Image scoring methods

• Old Scoring
• New Scoring
• New Scoring using corrected crop region

Old Scoring

We score the cropped region by pixel intensities (0-255). Where 0 is black and 255 is white. Initially we found that within that range some pixel intensities acted as noise to
the signal, and were ignored.

New Scoring (coming into app.musclesound.com 11/11/2014)

We will score the cropped region in the range (0-75). Pixel intensity 75 is the threshold value between connective tissue and muscle fibers. All of the intensities darker than
75 are valuable in the measurement of glycogen content.
Corrected crop region

There were a noticeable amount of images that were cropped incorrectly.

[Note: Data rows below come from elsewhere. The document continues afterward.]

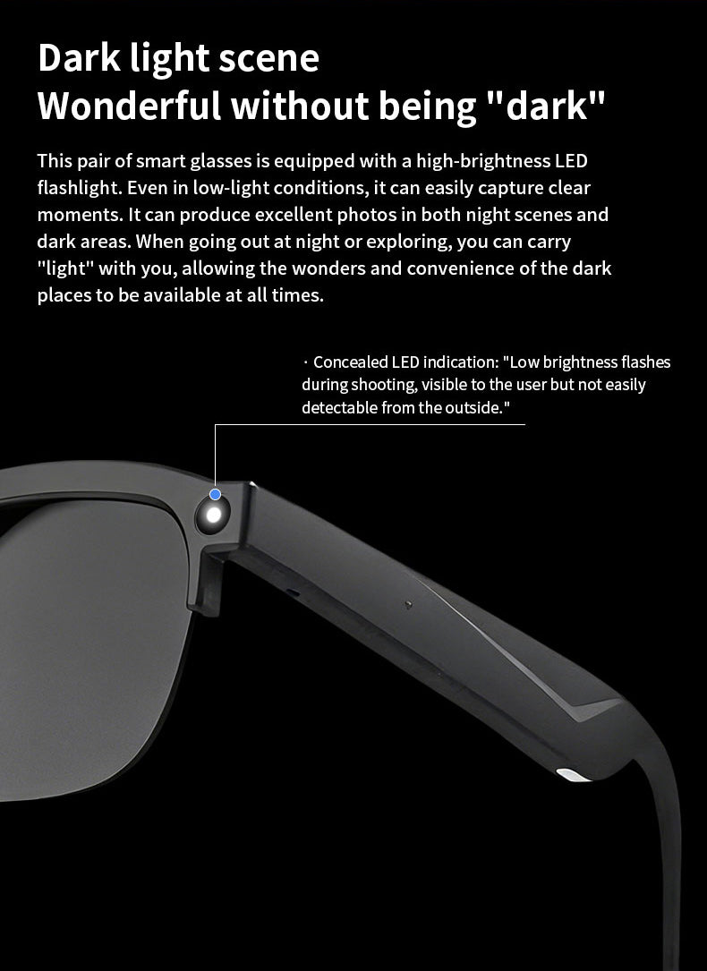 Featuring a discreet built-in LED, the glasses capture clear images even in night or low-light environments, without drawing attention.
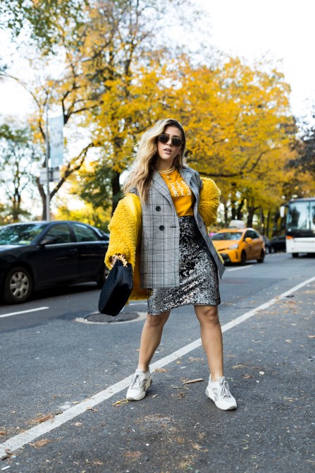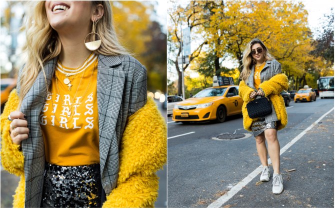 I grabbed my sequin pencil skirt and paired it with a plaid blazer, logo sweatshirt, chunky sneakers and oversized yellow faux fur coat. Then, I layered on some statement earrings, gold stacked necklaces and a velvet bag.
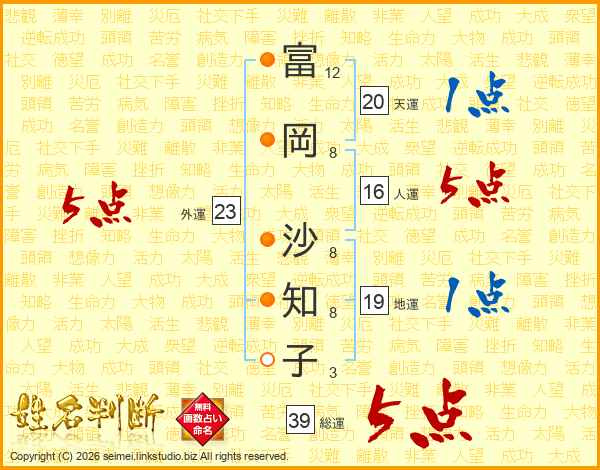 富岡沙知子さんの総運は39画の5点!

If an images crop value was much different than they normally are for that muscle, the crop value was adjusted to the median crop value of all of the images for that muscle
Analysis

This study is most interested in quantifying the variance of MuscleSound scores in two ways. * Intra Operator variability - Variance of scores for each scanner * Inter
Operator variability - Variance of scores between different scanners

Intra operator variability

Variation by scoring method

The scoring method had little effect on this study. The variations fit within the bounds of the way MuscleSound rounds raw scores by 5’s. The median variations were under
2.5 points.
Variation overtime

Did the scanners improve over time? How long did it take them to get to a certain level of competance? This chart shows that the scanners improved during the first week,
and retained that level of competance.
Variation by scanner

The scanners all had generally about the same level of variance. KAB had the best results, while RPN produced more variance in their scores.
Variation by muscle

Each of the muscles scanned had the same type of variance. The Lateral Gastrocnemius had the least amount of variance.
Inter operator variability

Variation by scoring method

The scoring method had little effect on this study. The variations increased slightly when measured between scanners from a median of 2.5 points to 3.5 points
Conclusion

• The variation of scores in this study closely relates to the variation of scores across all of the images in the MuscleSound system. The repeatability results match the
expectations of regular MuscleSound use.
• The improved scoring method, will have little effect on this study
• Incorrectly cropped images have a limited affect on the variation of scores in this study because, the improved score does not change very much and/or there are not
a significant amount of incorrectly cropped images.
• Scanners can become competant in taking images very quickly.